Cuando los recursos legales sancionados oficialmente chocan con la realidad aparecida sobre el terreno a raíz de una actuación ilegal, la comunidad internacional se enfrenta a un verdadero dilema para el que no hay una respuesta fácil. Tampoco la hay cuando sabemos que el proceso legalmente sancionado va a conducir con toda seguridad a una situación muy compleja.

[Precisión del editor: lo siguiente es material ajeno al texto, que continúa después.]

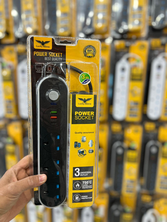 چندراهی برق Lucky Akova مدل Power Socket یک سهراهی کاربردی برای خانه، محل کار و میز کامپیوتر است که با کابل 3 متری، دسترسی راحتتری به برق میدهد و بهجای چند تا شارژر و تبدیل، همه چیز را یکجا جمع میکند. روی بدنه این محصول 3 پریز یونیورسال قرار دارد و علاوه بر آن، خروجیهای شارژ USB هم دارد تا بتوانید گوشی، گجتها و وسایل شارژی را مستقیم شارژ کنید. وجود کلید روشن/خاموش روی بدنه باعث میشود در صورت نیاز، برق را سریع قطع کنید و مدیریت مصرف راحتتر باشد. طبق اطلاعات درجشده روی بستهبندی، بدنه دارای ویژگی مقاومت حرارتی تا 750 درجه و قابلیت Power Protection است و برای استفاده روزمره و مرتب کردن سیمکشیها گزینه مناسبی محسوب میشود.

Si se hubiera permitido a los saharauis ejercer su derecho de autodeterminación como pueblo colonizado y se les hubiera consultado en referéndum en 1975, habrían votado a favor de la independencia, según demostraron los sondeos de entonces. El sentir era abrumadoramente favorable a la independencia. Y, sin embargo, un Estado saharaui independiente, aun cuando hubiera controlado todo el territorio ocupado antaño por España, habría sido muy probablemente un Estado fallido desde el principio, desprovisto como estaba de recursos, de infraestructuras y de gobernantes con alguna experiencia.

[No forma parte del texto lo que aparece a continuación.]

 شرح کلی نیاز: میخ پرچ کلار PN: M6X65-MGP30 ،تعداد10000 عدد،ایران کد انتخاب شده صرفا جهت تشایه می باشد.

La viabilidad de un Estado no es criterio para su derecho a existir y su reconocimiento de iure en un mundo poscolonial, que da por hecho que las fronteras son inmutables y que los Estados fuertes no tienen derecho a conquistar o anexionarse otros más débiles. En teoría, esta es una premisa positiva, pero en la práctica, ha lastrado al mundo con numerosos Estados inviables. En las organizaciones internacionales y en las agencias de ayuda bilateral existe todo un sector dedicado a gestionar Estados considerados débiles, fallidos, fracasados, inviables o cómo se les quiera calificar hoy. Las soluciones propuestas son muchas, pero es difícil salir airoso. Los Estados fallidos, aun cuando su existencia resulte directamente de un plebiscito popular, no hacen nada por el bienestar de sus ciudadanos. Volviendo al Sáhara Occidental, no puede afirmarse a ciencia cierta que los saharauis hubiesen vivido mejor en un Estado independiente que bajo la administración marroquí, ni tampoco que vayan a vivir mejor en el futuro, si la MINURSO consigue, milagrosamente, organizar un referéndum que permita votar a los saharauis pero no a los marroquíes recién asentados.

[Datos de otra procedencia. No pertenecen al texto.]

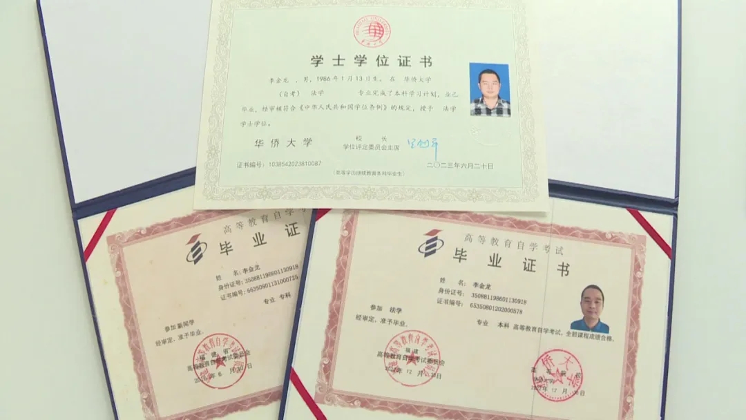 正是这份执拗,让他跨越身体障碍,先后斩获福建师范大学新闻学大专文凭、华侨大学法律专业本科学位。学业突破后,体育赛场成为李金龙的新舞台。偶然接触跆拳道后,李金龙便被这项充满力量的运动深深吸引。但肢体的残缺让他的训练之路布满荆棘,没有双臂维持平衡,他便专攻腰部与腿部力量,反复打磨动作细节,训练服浸透了汗水、身上新伤叠旧伤成为常态。

La Administración Trump, por razones ajenas a los intereses de los saharauis, se encargó de dictar su propia solución para el Sáhara Occidental, la cual no es aceptable. Sin embargo, tampoco servirá para resolver los viejos conflictos el seguir insistiendo en leyes y procedimientos imposibles de aplicar, dadas las nuevas realidades que se atestiguan sobre el terreno. Esto no ayuda a los que sufren las consecuencias del conflicto y desacredita a la comunidad internacional, agotada por estos problemas interminables y, en consecuencia, cada vez más dispuesta a dar la espalda a las violaciones del derecho internacional. Corresponde a la comunidad internacional dejar de esconderse tras leyes y normas que no guardan relación con los hechos sobre el terreno y replantearse el enfoque hacia estos conflictos aparentemente irresolubles, aun cuando las partes continúen atascadas en sus posicionamientos de siempre. De lo contrario, cada vez más conflictos de este tipo se resolverán según las políticas de actores externos que operan fuera del marco de la legalidad.